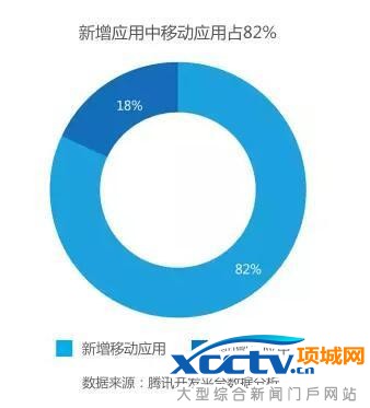 腾讯开放平台近一年来,移动应用仍占主导,新增应用中移动应用数量占8成。
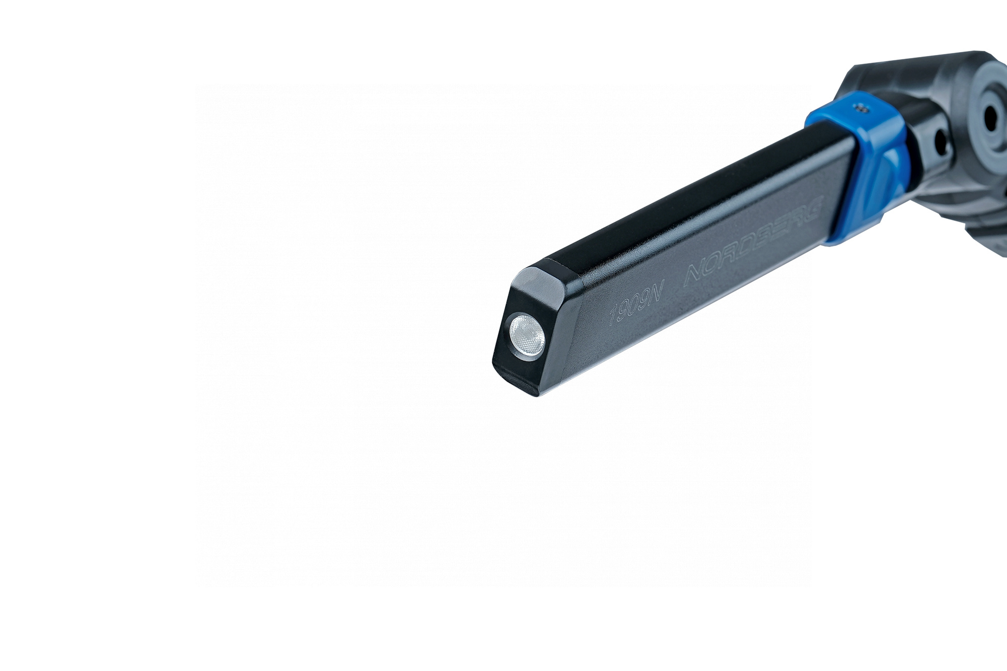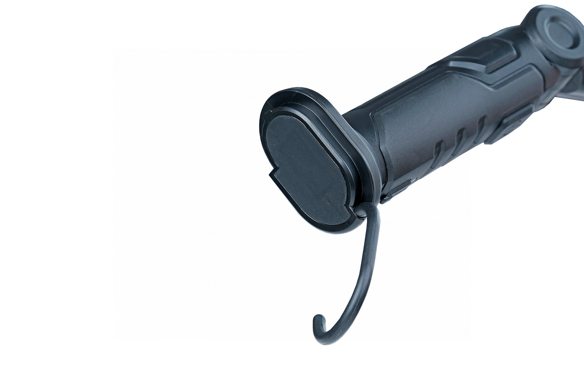 О товаре Светодиодный, складной фонарь NORDBERG 1909N представляет собой мощный источник света, который компенсирует недостаток освещения при проведении ремонта, обслуживания или осмотра необходимых деталей и механизмов автомобиля. Удобство эксплуатации обеспечивается складной конструкцией – фонарь поворачивается на 90° в каждую сторону от вертикали. Поворотное основание позволяет светящую часть повернуть на 180° вокруг своей оси. Автомобильный имеет встроенный Li-Ion аккумулятор, мощностью 3,7 В и емкостью 3000 мА·ч. В конструкции фонаря два диода - COB и SMD. В аккумуляторном фонаре 1909N предусмотрено три режима работы: основной свет торцевой свет режим затемнения. Основной режим работы освещает на расстоянии до 60 метров и имеет цветовую температуру в 6000K-6500K. Световой поток основного освещения составляет 400 Лм. В полную силу фонарь может светить 2,5 – 3 часа. В режиме минимального затемнения световой поток составляет 10 Лм, а работа фонаря увеличивается до 8 – 9 часов. Торцевое освещение имеет световой поток в 80 Лм и время работы в 8 – 9 часов. Светодиодный фонарь 1909N оснащен складывающимся крюком для подвеса и мощным магнитом в основании рукоятки. Лампу можно крепить к любым металлическим поверхностям, например, к капоту или крылу автомобиля. Это обеспечит удобство при проведении ремонта или осмотра деталей и механизмов автомобиля. Корпус фонаря 1909N выполнен из прочного пластика, защищающего его от случайных ударов и падений. Рукоять произведена с обрезиненной вставкой для надежной фиксации в руке пользователя. Зарядка встроенного аккумулятора осуществляется через разъем Type-C. Кабель для зарядки идет в комплекте с фонарем. Время, занимаемое до полной зарядки, составляет от 3 до 3,5 часов. Комплектация: Фонарь 1шт. Кабель USB type-C 1 шт. Инструкция 1 шт. Показать полностью Скрыть Характеристики Количество светодиодов, шт. 1+1 Световой поток основного освещения, лм 400 Световой поток торцевого освещения, лм 80 Тип питания Li-ion аккумулятор Li-ion аккумулятор 3,7 В / 3000 мА·ч Сетевой USB-адаптер кабель USB Type-C Тип лампы светодиодная Напряжение, В 220 Время зарядки/работы, ч 3-3,5/3-9 Цветовая температура, К 6000 Дальность освещения, м 60 Степень защиты IK06, IP20 **Габариты и вес товара с упаковкой Общий вес с упаковкой - 0.455 кг Упаковка Размеры упаковки (Д*Ш*В), мм Вес, кг Упаковка №1 370 x 120 x 50 0.455 ** Теоретический вес
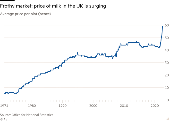 上个月,奶农表示,供应和管理费用飙升,现在每升牛奶的生产成本为44便士,而一年前为23便士。
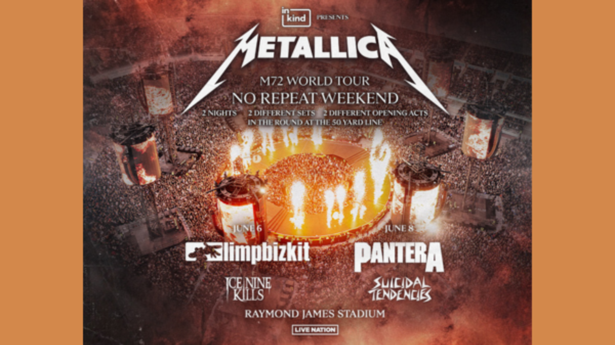 Metallica M72 World Tour Metallica M72 World Tour! No Repeat Weekend. Playing two shows at Raymond James Stadium June 6th and June 8th! Tickets on-sale September 27th at Livenation.com
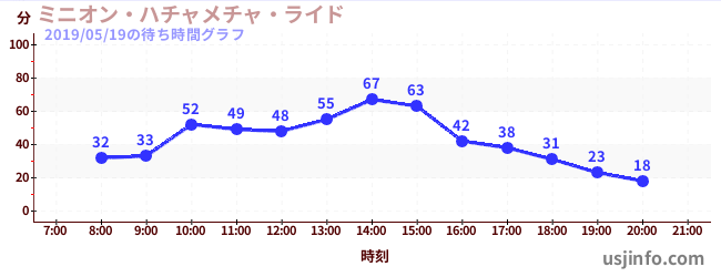 • ミニオン・ハチャメチャ・ライド$B$N(B2019年05月19日の待ち時間
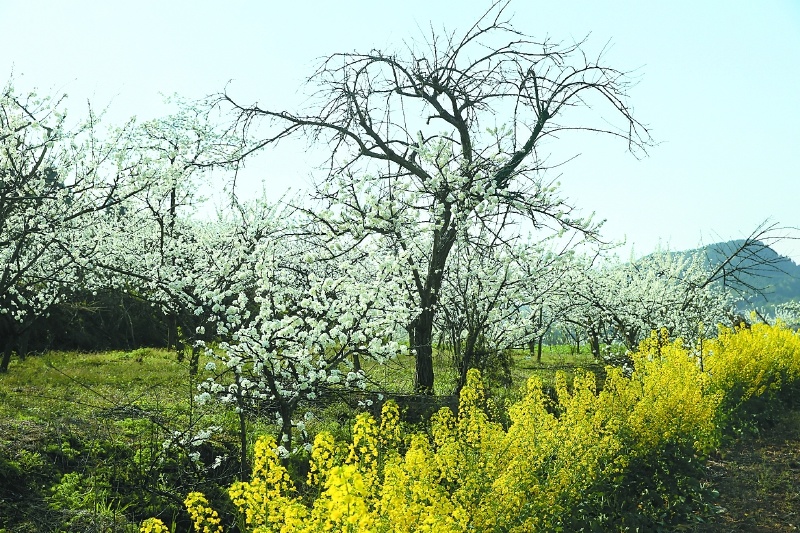 同样的春景,也在江南街道千佛岩村上演。果园里,洁白的李花与粉嫩的桃花次第绽放。游步道蜿蜒延伸,游客们徜徉其中,仿佛走进了一幅山水画。
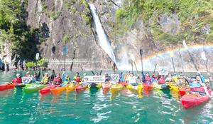 Más de 30 kayakistas remaron en protesta por construcción de central en río Manso

• Requirement
Give the entries back verbatim and omit the images.

• Answer space
 腾讯开放平台近一年来,移动应用仍占主导,新增应用中移动应用数量占8成。
 О товаре Светодиодный, складной фонарь NORDBERG 1909N представляет собой мощный источник света, который компенсирует недостаток освещения при проведении ремонта, обслуживания или осмотра необходимых деталей и механизмов автомобиля. Удобство эксплуатации обеспечивается складной конструкцией – фонарь поворачивается на 90° в каждую сторону от вертикали. Поворотное основание позволяет светящую часть повернуть на 180° вокруг своей оси. Автомобильный имеет встроенный Li-Ion аккумулятор, мощностью 3,7 В и емкостью 3000 мА·ч. В конструкции фонаря два диода - COB и SMD. В аккумуляторном фонаре 1909N предусмотрено три режима работы: основной свет торцевой свет режим затемнения. Основной режим работы освещает на расстоянии до 60 метров и имеет цветовую температуру в 6000K-6500K. Световой поток основного освещения составляет 400 Лм. В полную силу фонарь может светить 2,5 – 3 часа. В режиме минимального затемнения световой поток составляет 10 Лм, а работа фонаря увеличивается до 8 – 9 часов. Торцевое освещение имеет световой поток в 80 Лм и время работы в 8 – 9 часов. Светодиодный фонарь 1909N оснащен складывающимся крюком для подвеса и мощным магнитом в основании рукоятки. Лампу можно крепить к любым металлическим поверхностям, например, к капоту или крылу автомобиля. Это обеспечит удобство при проведении ремонта или осмотра деталей и механизмов автомобиля. Корпус фонаря 1909N выполнен из прочного пластика, защищающего его от случайных ударов и падений. Рукоять произведена с обрезиненной вставкой для надежной фиксации в руке пользователя. Зарядка встроенного аккумулятора осуществляется через разъем Type-C. Кабель для зарядки идет в комплекте с фонарем. Время, занимаемое до полной зарядки, составляет от 3 до 3,5 часов. Комплектация: Фонарь 1шт. Кабель USB type-C 1 шт. Инструкция 1 шт. Показать полностью Скрыть Характеристики Количество светодиодов, шт. 1+1 Световой поток основного освещения, лм 400 Световой поток торцевого освещения, лм 80 Тип питания Li-ion аккумулятор Li-ion аккумулятор 3,7 В / 3000 мА·ч Сетевой USB-адаптер кабель USB Type-C Тип лампы светодиодная Напряжение, В 220 Время зарядки/работы, ч 3-3,5/3-9 Цветовая температура, К 6000 Дальность освещения, м 60 Степень защиты IK06, IP20 **Габариты и вес товара с упаковкой Общий вес с упаковкой - 0.455 кг Упаковка Размеры упаковки (Д*Ш*В), мм Вес, кг Упаковка №1 370 x 120 x 50 0.455 ** Теоретический вес
 上个月,奶农表示,供应和管理费用飙升,现在每升牛奶的生产成本为44便士,而一年前为23便士。
 Metallica M72 World Tour Metallica M72 World Tour! No Repeat Weekend. Playing two shows at Raymond James Stadium June 6th and June 8th! Tickets on-sale September 27th at Livenation.com
 • ミニオン・ハチャメチャ・ライド$B$N(B2019年05月19日の待ち時間
 同样的春景,也在江南街道千佛岩村上演。果园里,洁白的李花与粉嫩的桃花次第绽放。游步道蜿蜒延伸,游客们徜徉其中,仿佛走进了一幅山水画。
 Más de 30 kayakistas remaron en protesta por construcción de central en río Manso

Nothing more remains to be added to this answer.